Systems for additive manufacturing, or 3-D printing as it’s better known, represent just a fraction of the $70 billion traditional machine-tool market worldwide. Yet given the likelihood that this technology will start to realize its promise over the next five to ten years, many leading companies seem surprisingly unaware of its potential—and poorly organized to reap the benefits.
A McKinsey survey of leading manufacturers earlier this year showed that 40 percent of the respondents were unfamiliar with additive-manufacturing technology “beyond press coverage.” An additional 12 percent indicated that they thought 3-D printing might be relevant but needed to learn more about it (Exhibit 1). Many also admitted that their companies were ill prepared to undertake a cross-organizational effort to identify the opportunities. Two-thirds said that their companies lacked a formal, systematic way to catalog and prioritize emerging technologies in general.
The mass adoption of 3-D printing—the production of physical items layer by layer, in much the same way an inkjet printer lays down ink—is probably years rather than months away. The 3-D printer industry has enjoyed double-digit growth recently; sales of metal printers, indeed, rose by 75 percent from 2012 to 2013. But expert consensus indicates that the market penetration is just a fraction (1 to 10 percent) of what it could be given the wide range of possible 3-D applications (Exhibit 2).
Ten percent of the executives in our survey already find the technology “highly relevant.” They see 3-D printing’s ability to increase geometric complexity and reduce time to market as the key business benefits, closely followed by reduced tooling and assembly costs. Those who expect to be among the next wave of users were much more likely to cite reducing inventories of spare parts as one of the advantages. Additive manufacturing, in short, seems set to change the way companies bring their products to market and respond to customer needs. But predicting a “tipping point” is difficult.
Much will depend on when and how quickly overall printing costs fall, a development that should narrow the still-yawning gap between the cost of new and traditional manufacturing methods. In sintering-based 3-D printing technologies, for example, there are two major expense categories. The machines and their maintenance typically account for 40 to 60 percent of total printing costs. The materials used in the manufacturing process can account for 20 to 30 percent when using common materials such as aluminum, or 50 to 80 percent when printing with exotic materials such as titanium. Labor and energy make up the rest.

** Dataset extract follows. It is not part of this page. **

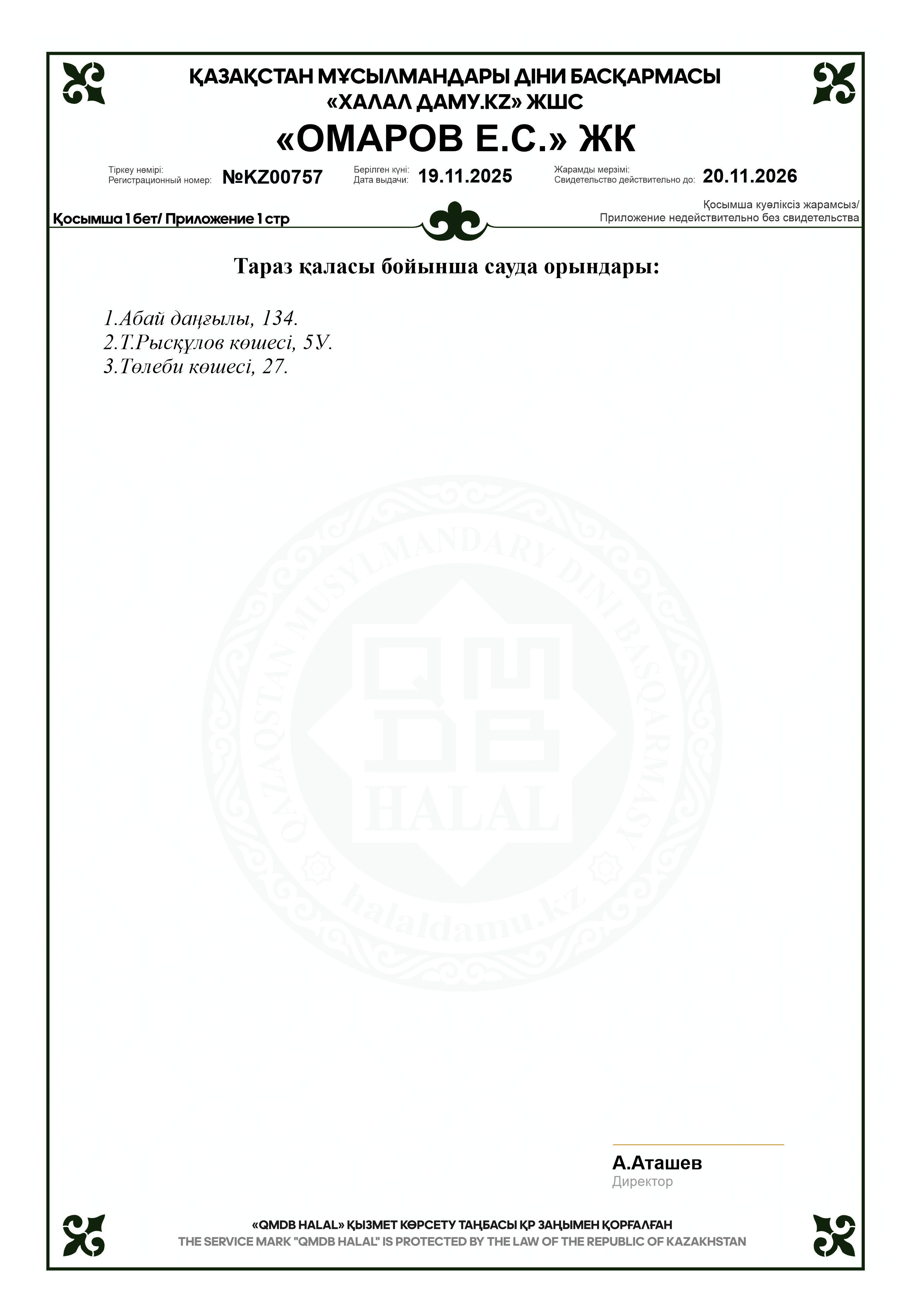 20.11.2026 ге дейін сертификатталған

In all likelihood, prices for sintering-based printers will remain steady or rise in the near term thanks to the introduction of new technical features, such as enhanced automation. But patent expirations and new entrants in Asia should apply downward pressure over the next ten years. The cost of materials ought to drop in the long term as third-party firms become credible alternative powder suppliers and as increased demand for powder enhances scale efficiencies more generally. Throughput rates are expected to increase on the back of growing laser power, higher numbers of lasers, and better projection technology. All of that will serve to reduce expensive machine time.
Our research on sintering-based printers examined two possibilities. In the “base” scenario, costs remain largely at their present level and companies come to understand the benefits of additive manufacturing only gradually. In the “market shock” scenario, printing costs fall precipitously—say, by 30 or even 50 percent over a ten-year period. Early signs of these cost-shifting dynamics can be seen in plastic sintering. One new Chinese entrant is already selling comparable selective laser-sintering machines at a price 25 to 30 percent below that of a leading Western supplier. Asian players are offering technically comparable nylon powders at prices that are more than 30 percent lower than those of their Western rivals. Price undercutting is less dramatic for nontraditional blends, such as carbon-filled powders used in strong but lightweight parts (those in racing cars, for example).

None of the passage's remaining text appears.